Write out exactly, and only, the lines below from the line with "Набор вставок 1/2" through the line with "- FCI Dobermann"; pictures do not belong in the copy.

MATERIAL FOR THE TASK
****************************************
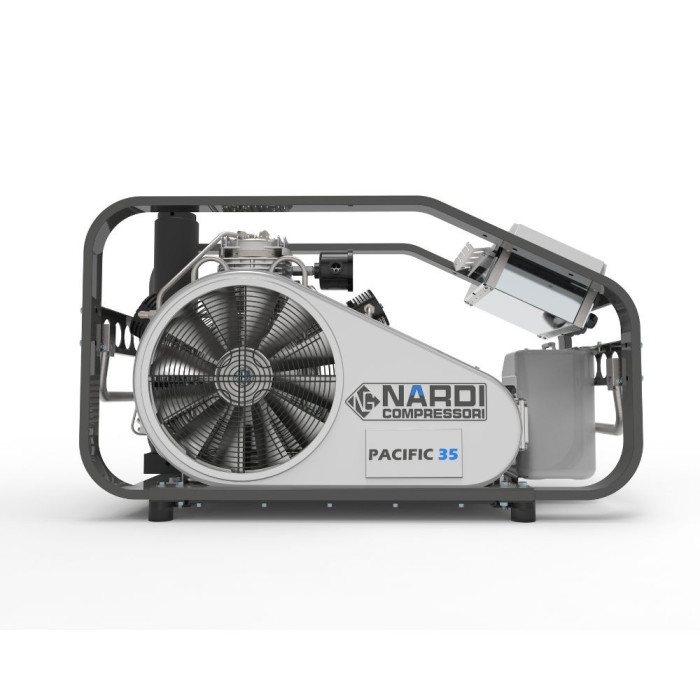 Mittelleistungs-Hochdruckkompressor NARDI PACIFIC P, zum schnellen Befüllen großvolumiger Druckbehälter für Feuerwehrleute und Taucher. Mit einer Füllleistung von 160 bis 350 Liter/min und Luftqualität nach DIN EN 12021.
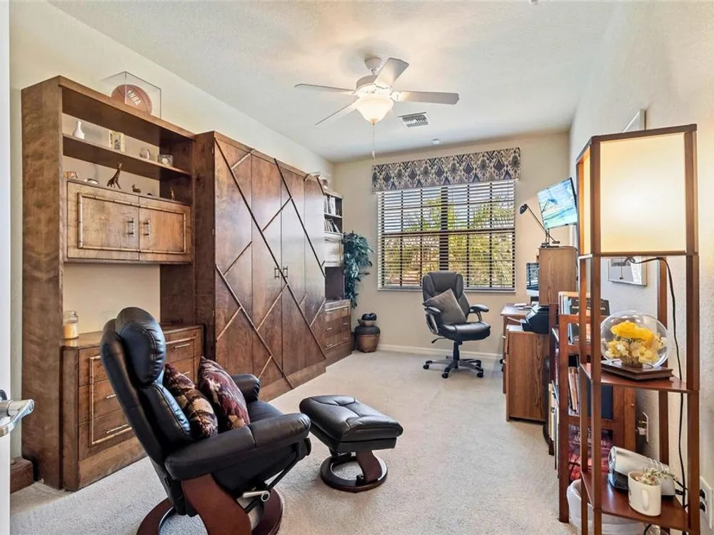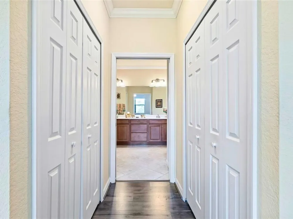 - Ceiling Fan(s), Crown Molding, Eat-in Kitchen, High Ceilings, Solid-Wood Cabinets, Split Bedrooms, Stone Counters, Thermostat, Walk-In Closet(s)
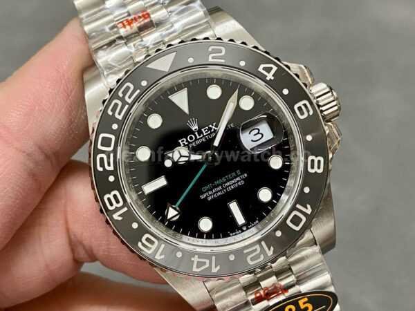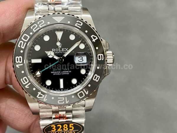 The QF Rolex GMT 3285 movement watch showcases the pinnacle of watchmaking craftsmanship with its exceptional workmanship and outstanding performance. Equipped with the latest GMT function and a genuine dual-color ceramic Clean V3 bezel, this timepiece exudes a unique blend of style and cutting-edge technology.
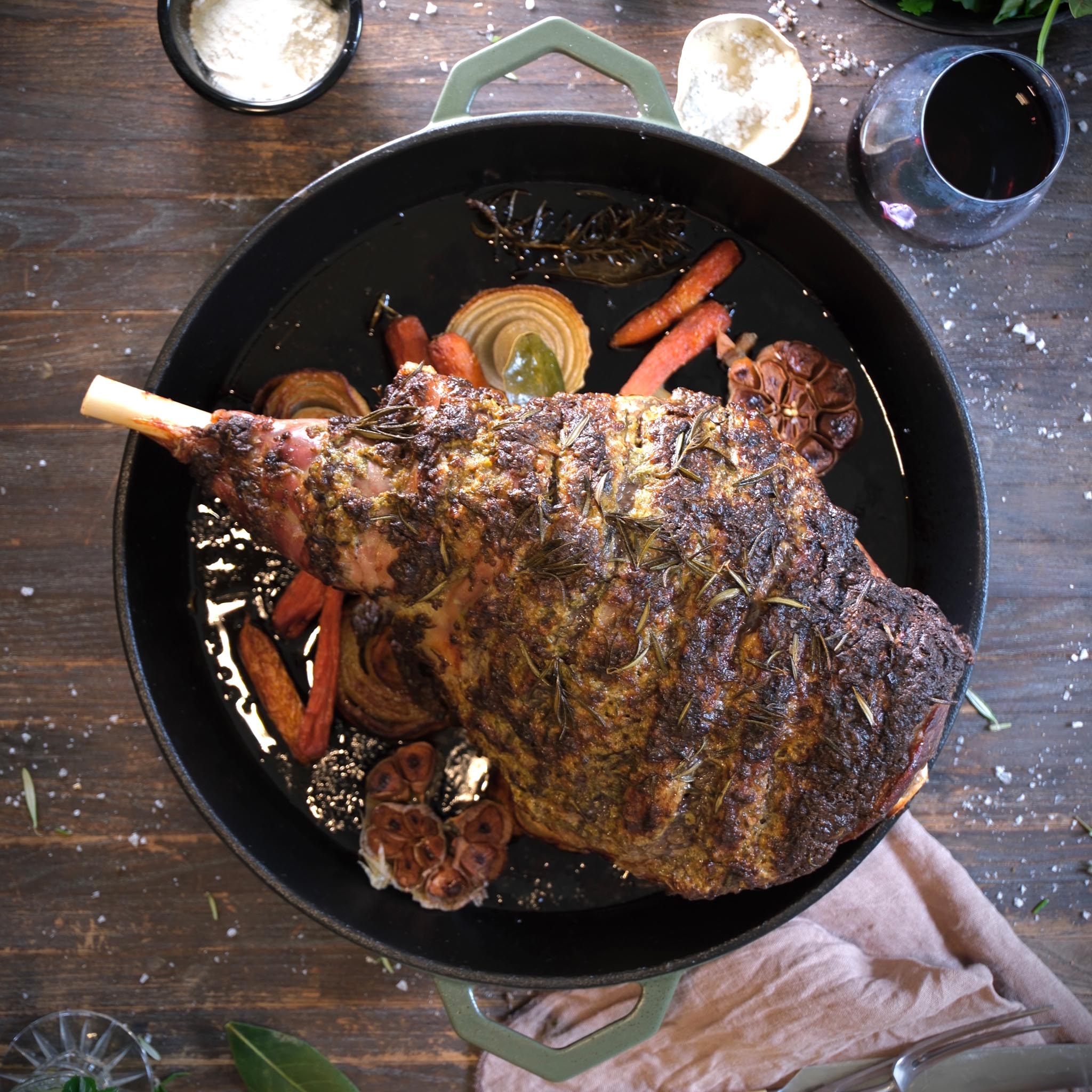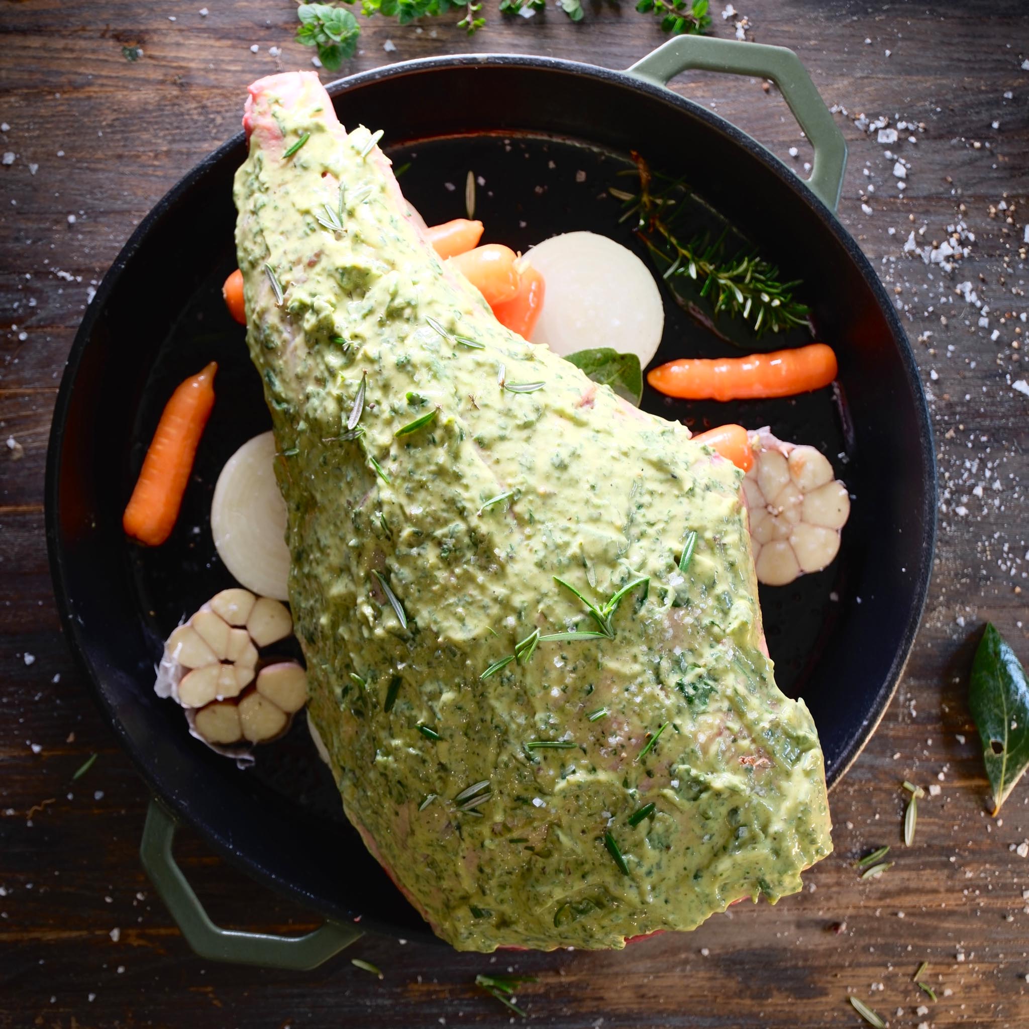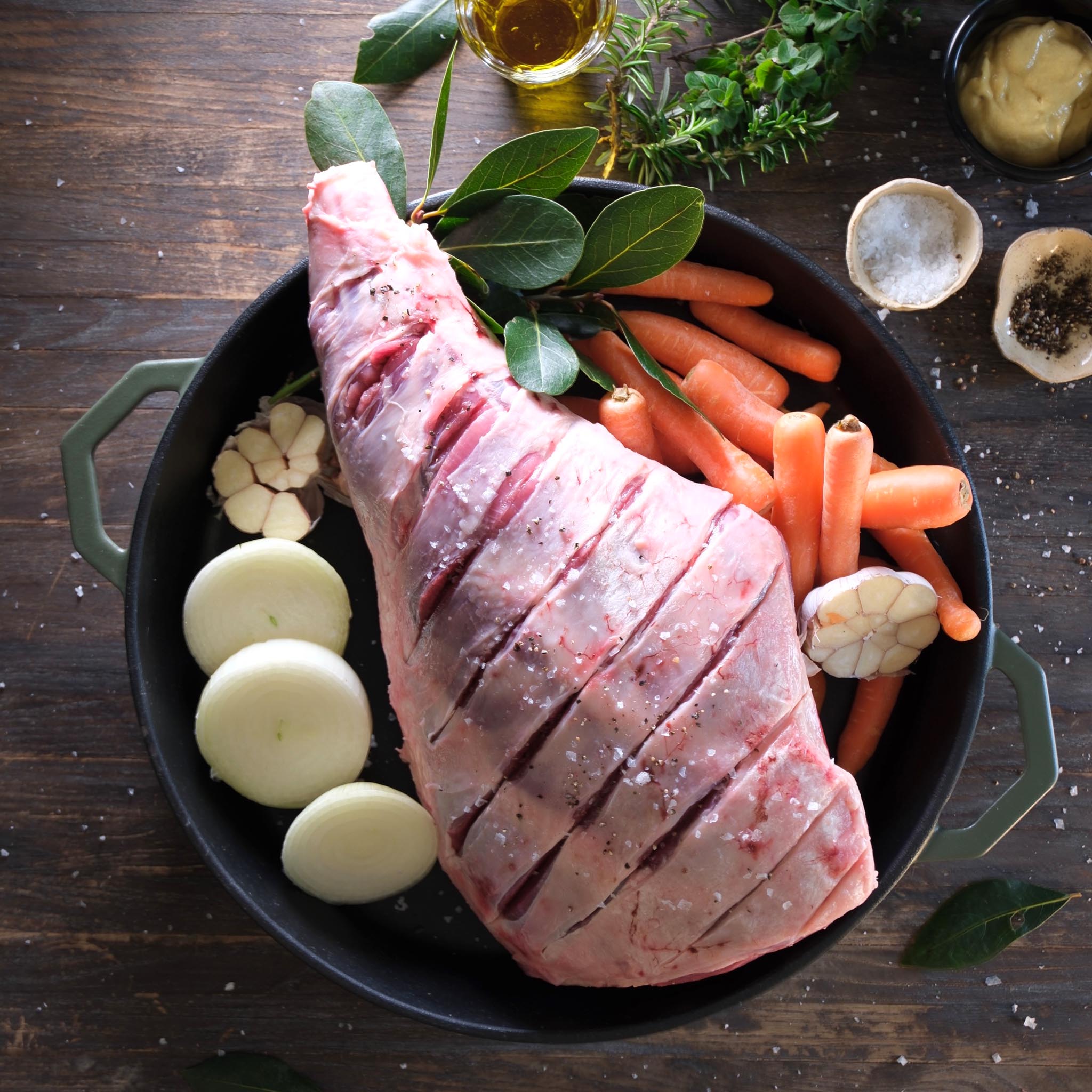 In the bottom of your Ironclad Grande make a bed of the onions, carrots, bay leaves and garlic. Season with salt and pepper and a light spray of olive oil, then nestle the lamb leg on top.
****************************************
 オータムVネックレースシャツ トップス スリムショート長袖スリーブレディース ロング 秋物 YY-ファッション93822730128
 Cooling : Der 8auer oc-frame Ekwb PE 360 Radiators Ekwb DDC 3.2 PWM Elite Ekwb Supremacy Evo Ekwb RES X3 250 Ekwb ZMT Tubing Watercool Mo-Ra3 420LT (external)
****************************************
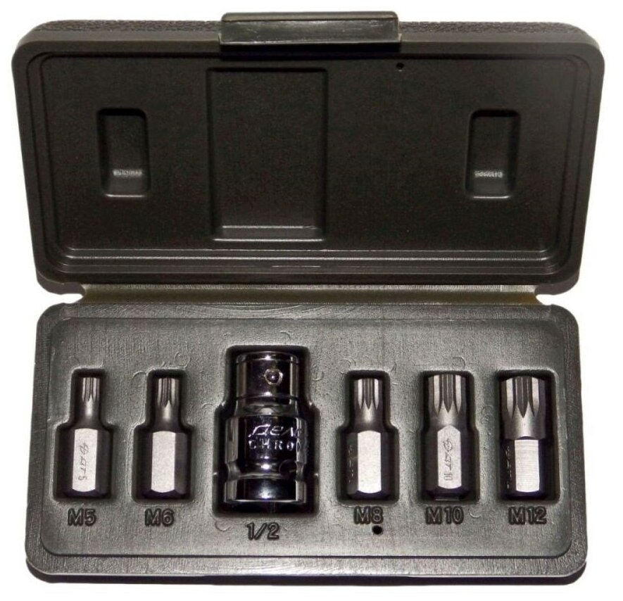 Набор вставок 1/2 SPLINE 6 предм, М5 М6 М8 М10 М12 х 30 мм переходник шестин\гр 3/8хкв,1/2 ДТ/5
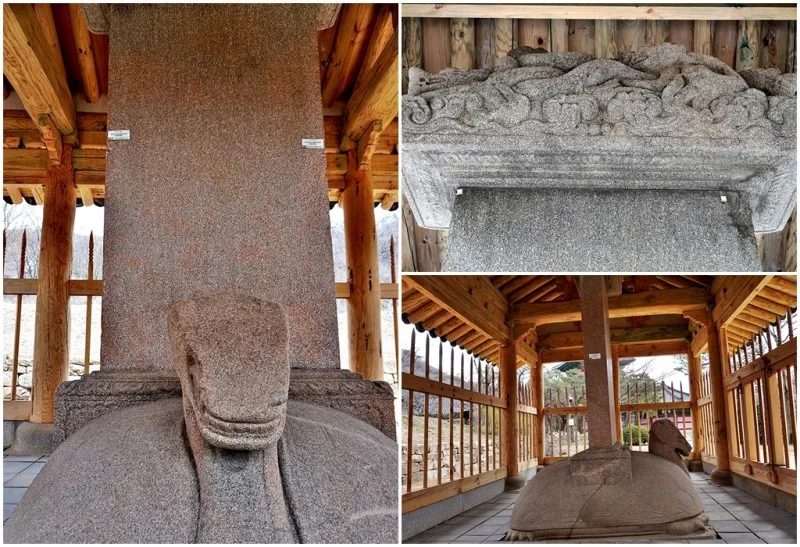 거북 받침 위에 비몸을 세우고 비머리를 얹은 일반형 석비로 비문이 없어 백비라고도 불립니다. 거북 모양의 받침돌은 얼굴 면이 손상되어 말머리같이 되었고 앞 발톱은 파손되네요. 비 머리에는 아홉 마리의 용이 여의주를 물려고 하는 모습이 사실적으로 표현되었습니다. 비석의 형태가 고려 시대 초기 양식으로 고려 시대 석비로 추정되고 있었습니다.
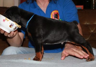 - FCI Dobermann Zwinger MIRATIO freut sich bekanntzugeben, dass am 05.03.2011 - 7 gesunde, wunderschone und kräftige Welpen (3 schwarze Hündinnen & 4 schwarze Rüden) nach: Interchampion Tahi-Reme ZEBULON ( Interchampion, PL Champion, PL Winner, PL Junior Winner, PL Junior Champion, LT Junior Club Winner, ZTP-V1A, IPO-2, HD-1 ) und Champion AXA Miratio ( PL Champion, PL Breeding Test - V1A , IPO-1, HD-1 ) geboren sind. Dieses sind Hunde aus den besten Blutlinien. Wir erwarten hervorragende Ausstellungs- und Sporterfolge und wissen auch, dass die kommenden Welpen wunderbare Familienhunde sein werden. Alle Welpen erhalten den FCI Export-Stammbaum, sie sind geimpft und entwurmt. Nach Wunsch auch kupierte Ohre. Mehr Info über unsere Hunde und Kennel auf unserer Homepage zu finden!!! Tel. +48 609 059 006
****************************************
ANSWER BELOW
 Набор вставок 1/2 SPLINE 6 предм, М5 М6 М8 М10 М12 х 30 мм переходник шестин\гр 3/8хкв,1/2 ДТ/5
 거북 받침 위에 비몸을 세우고 비머리를 얹은 일반형 석비로 비문이 없어 백비라고도 불립니다. 거북 모양의 받침돌은 얼굴 면이 손상되어 말머리같이 되었고 앞 발톱은 파손되네요. 비 머리에는 아홉 마리의 용이 여의주를 물려고 하는 모습이 사실적으로 표현되었습니다. 비석의 형태가 고려 시대 초기 양식으로 고려 시대 석비로 추정되고 있었습니다.
 - FCI Dobermann Zwinger MIRATIO freut sich bekanntzugeben, dass am 05.03.2011 - 7 gesunde, wunderschone und kräftige Welpen (3 schwarze Hündinnen & 4 schwarze Rüden) nach: Interchampion Tahi-Reme ZEBULON ( Interchampion, PL Champion, PL Winner, PL Junior Winner, PL Junior Champion, LT Junior Club Winner, ZTP-V1A, IPO-2, HD-1 ) und Champion AXA Miratio ( PL Champion, PL Breeding Test - V1A , IPO-1, HD-1 ) geboren sind. Dieses sind Hunde aus den besten Blutlinien. Wir erwarten hervorragende Ausstellungs- und Sporterfolge und wissen auch, dass die kommenden Welpen wunderbare Familienhunde sein werden. Alle Welpen erhalten den FCI Export-Stammbaum, sie sind geimpft und entwurmt. Nach Wunsch auch kupierte Ohre. Mehr Info über unsere Hunde und Kennel auf unserer Homepage zu finden!!! Tel. +48 609 059 006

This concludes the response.